--- Provided material Enclosed Below ---

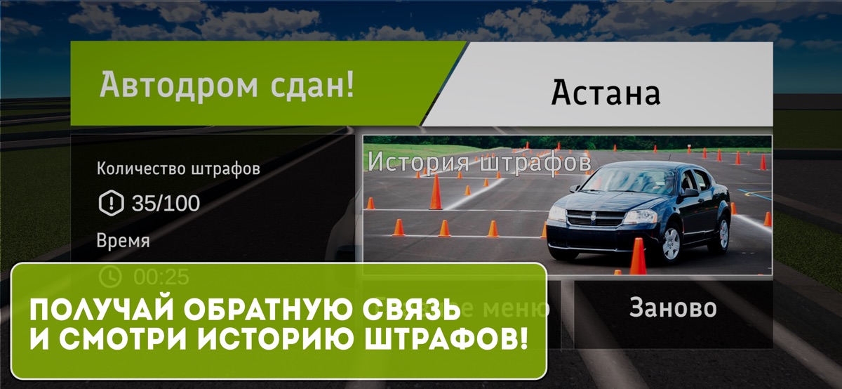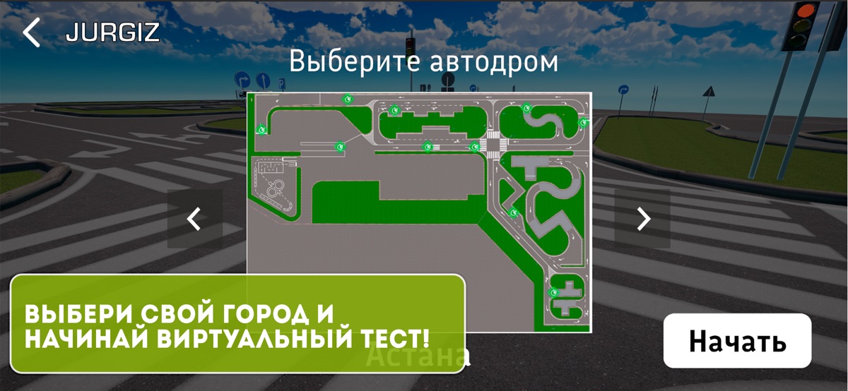 Наш симулятор полностью повторяет автодромы, на которых сдаются реальные тесты! Почувствуйте атмосферу настоящего автодром в Казахстане при сдаче практического теста. Здесь вы сможете пройти практические испытания, а также изучить особенности автодромов в разных городах.
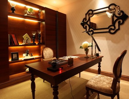 (3)书房中的家具宜用深色、如粟色、深褐色、铁红色等端庄、凝练、厚重、质朴的色调,这样的色彩能够稳定人们的情绪,有利于思考。
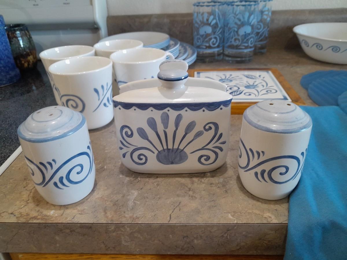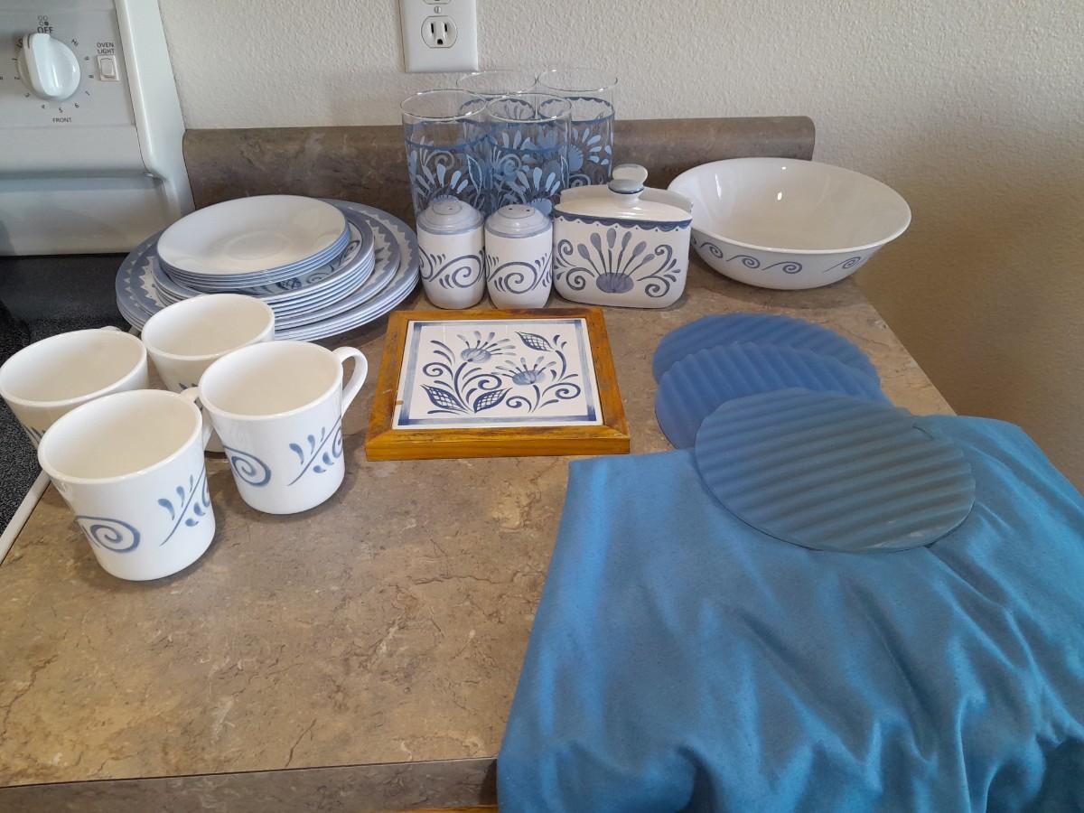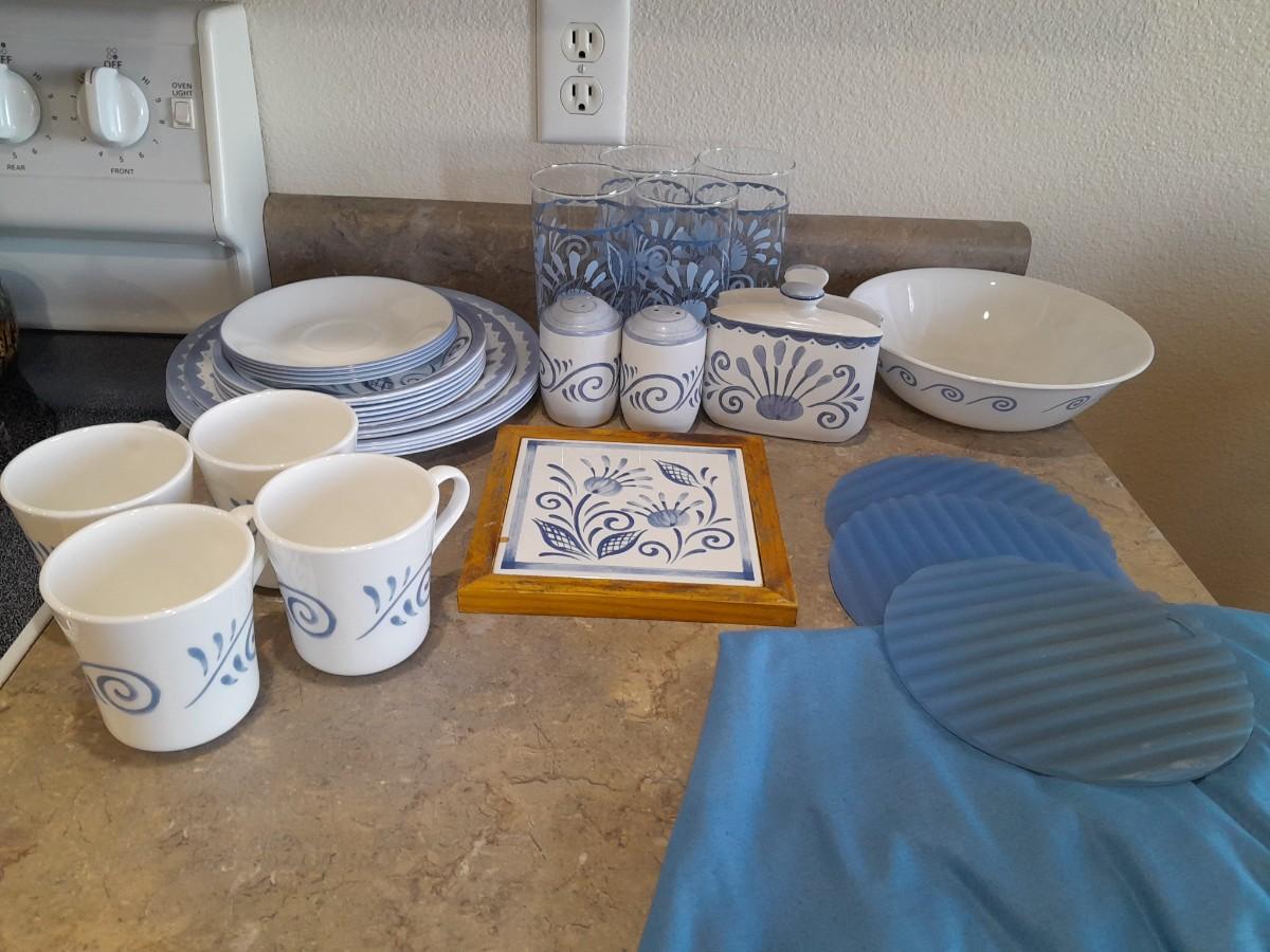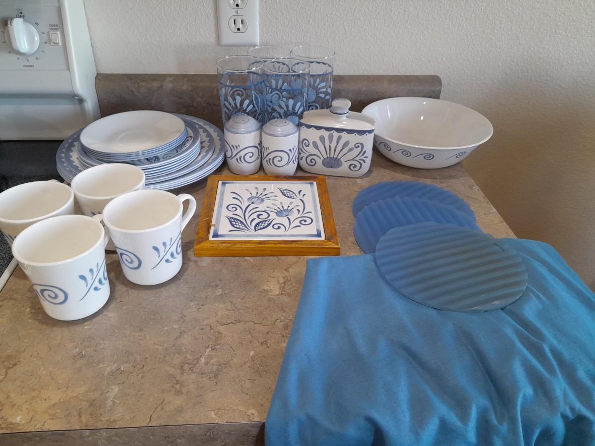 4 DRINKING GLASSES, NAPKIN HOLDER, SERVING BOWL, 4 COFFEE MUGS, SALT/PEPPER SHAKERS, HOT PLATE, 4 DINNER PLATES, 2 SALAD AND 6 BREAD PLATES, 4 SAUCERS, ROUND TABLECLOTH

--- End of Enclosed Provided material ---

Action item: When you write out the data, keep every line exact and drop the pictures.

Output of the task:
 Наш симулятор полностью повторяет автодромы, на которых сдаются реальные тесты! Почувствуйте атмосферу настоящего автодром в Казахстане при сдаче практического теста. Здесь вы сможете пройти практические испытания, а также изучить особенности автодромов в разных городах.
 (3)书房中的家具宜用深色、如粟色、深褐色、铁红色等端庄、凝练、厚重、质朴的色调,这样的色彩能够稳定人们的情绪,有利于思考。
 4 DRINKING GLASSES, NAPKIN HOLDER, SERVING BOWL, 4 COFFEE MUGS, SALT/PEPPER SHAKERS, HOT PLATE, 4 DINNER PLATES, 2 SALAD AND 6 BREAD PLATES, 4 SAUCERS, ROUND TABLECLOTH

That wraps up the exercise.